Bob Glouberman (born May 3, 1968) is an American actor who has appeared in over 100 television shows, mainly sitcoms.

Biography
Glouberman was born in Brooklyn, New York. He has had recurring roles on the television shows Without a Trace, The Closer (the CBS Tom Selleck sitcom), Spin City, Lateline, and Mad About You, as well as recurring voiceover roles on the cartoons Handy Manny, Digimon Tamers, Rave Master, and Men in Black: The Series. He has also appeared on Desperate Housewives, The Closer (the Kyra Sedgewick drama), Ugly Betty, Close to Home, Curb Your Enthusiasm, Arrested Development, iCarly, Malcolm in the Middle, The West Wing, and ER.  His unique look and demeanor have led him to play on several occasions the role of the 'nightmare blind date' to many of Hollywood's preeminent leading ladies, including Carmen Electra in Fat Actress, Calista Flockhart in Ally McBeal, and Jenny McCarthy in the film Dirty Love. He is also the co-founder of the Los Angeles Race Fantastique  (or, LARF for short). LARF is an elaborate scavenger hunt which runs public races, private races, and daily races for tourists in Cozumel, Mexico, St Thomas Virgin Islands and Los Angeles.

Filmography

Anime dubbing
 Digimon Tamers - Shibumi
 Rave Master - Mikan, Ruby

Film
 The Artist - Director #3
 Digimon: The Movie - Willis
 The Barefoot Executive - Executive
 Red Riding Hood - Scoutmaster
 Win a Date With Tad Hamilton! - Rosalee's Limo Driver
 Dirty Love - Mylo
 Deep Impact - uncredited
 Napoleon (1995) (voice) .... Lone Lorikeet/Wombat/Wallaby#2/Desert Mice
 My Dinner with Andre the Giant - lead

Television
American Woman - Mr. Knave (1 episode, 2018)
 New Girl - Rabbi
 Glee - Mitzvah University president
 2 Broke Girls - Garry
 Suburgatory - Lansky
 Getting On - Doctor
 The Office - Mr. Gradenko
 Arrested Development - David the Aide
 General Hospital - Mr. Jenkins
 The Ben Show - Attorney
 Switched at Birth - Mr. Feldman
 Criminal Minds - Attorney
 Zeke and Luther - Attorney
 Who's Still Standing .... Contestant (1 episode; Reality Show, 2011)
 Jonas .... Mr.

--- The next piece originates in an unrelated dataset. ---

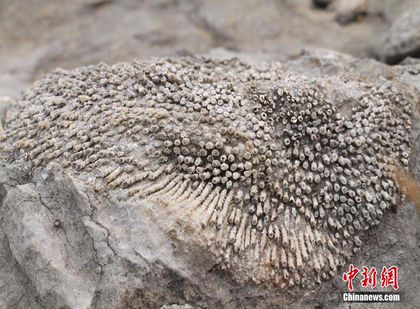 湖南省桂陽県の國土資源局が國土資源調(diào)査の際、現(xiàn)地の舍市村にある2つの石灰?guī)r山頂でそれぞれ太古の化石を発見した?;蠋啢悿浈单螗聪xの2種類だ。エンジニアの陳國彪氏は、「これらの化石はおよそ3億5千年前から1億9千年前の期間、淺い海に化學的に沈殿した石灰?guī)rに屬している。この太古の化石群は數(shù)千平方メートルの範囲に散らばっており、古代生物の化石群の発育は不完全だ」と話す。地表に露出したこれらの古代生物の化石群は同県內(nèi)においてこれまで発見された最大面積の古代化石群で、石の中の古代生物の化石群が切斷面の形に現(xiàn)れ、當時の生物環(huán)境を生き生きとして伝えており、非常に興味深い。中國新聞網(wǎng)が伝えた。(編集JK)

Spencer (1 episode, 2009)
 Desperate Housewives .... Mohel (1 episode, 2007)
 Ugly Betty .... Doctor (1 episode, 2007)
 Close to Home .... Sanders Falcone (1 episode, 2007)
 Crumbs .... Lawyer (1 episode, 2006)
 Handy Manny .... Sherman (10 episodes, 2006)
 Curb Your Enthusiasm .... Matt (1 episode, 2005)
 Without a Trace .... Polygraph Examiner / ... (2 episodes, 2005)
 Inconceivable .... Mr. Jacoby (2 episodes, 2005)
 The L Word .... Older Man (1 episode, 2005)
 Malcolm in the Middle .... Gerry (1 episode, 2005)
 Arrested Development .... Doctor / ... (2 episodes, 2005)
 Fat Actress .... Carmen's Friend (1 episode, 2005)
 Crossing Jordan .... Mr. Gottenblatt (1 episode, 2004)
 Strong Medicine .... Bug Scientist (1 episode, 2003)t
 My Wife and Kids .... Photographer (1 episode, 2003)
 Russian Roulette .... Contestant (1 episode; Reality Show, 2003)
 One on One .... Howard McIntyre (1 episode, 2002)
 The Division .... Drew (1 episode, 2002)
 The West Wing .... Terry Beckwith (1 episode, 2001)
 Spin City .... Reporter #2 (6 episodes, 2000)
 Manhattan, AZ .... Dr. Keeler (1 episode, 2000)
 L.A. 7 .... Fast Food Customer #2 (1 episode, 2000)
 Battery Park .... District Attorney (1 episode, 2000)
 Grown Ups .... Mr. Barris (1 episode, 2000)
 Providence .... Katz (1 episode, 1999)
 Mad About You .... Alan Kaufman (2 episodes, 1999)
 Ally McBeal .... Wally Pike (1 episode, 1998)
 Godzilla: The Series (1 episode, 1998)
 Conrad Bloom .... Doctor (1 episode, 1998)
 3rd Rock from the Sun .... Neighbor (1 episode, 1998)
 LateLine .... Prompter Techie / ... (6 episodes, 1998)
 The Closer .... Brother Thomas (2 episodes, 1998)
 ER .... Jeff (1 episode, 1998)
 Caroline in the City .... Dr. Dorfman (1 episode, 1998)
 Life's Work .... Star Trek Conventioneer (1 episode, 1997)
 Common Law .... David Kurn (1 episode, 1996)
 Murphy Brown .... Owen Tyler (1 episode, 1996)
 Ellen .... Book Club Pundit / ... (2 episodes, 1995)
 The Barefoot Executive (1995) (TV) .... Executive
 Living Single .... Technician (1 episode, 1995) ... aka My Girls
 Family Matters .... Bellhop (1 episode, 1995)
 The Wayans Bros. .... Carjacker (1 episode, 1995)
 Monty .... Rappaport (1 episode, 1994)
 Flying Blind .... Heel (1 episode, 1993)
 Classic Concentration .... himself/contestant (finale, 1991)

Video games
 Hitman: Blood Money
 Skylanders: SuperChargers
 Ultimate Spider-Man - Rhino
 X-Men: Destiny - Caliban

References

External links

1968 births
Living people
American male television actors
American male voice actors
Place of birth missing (living people)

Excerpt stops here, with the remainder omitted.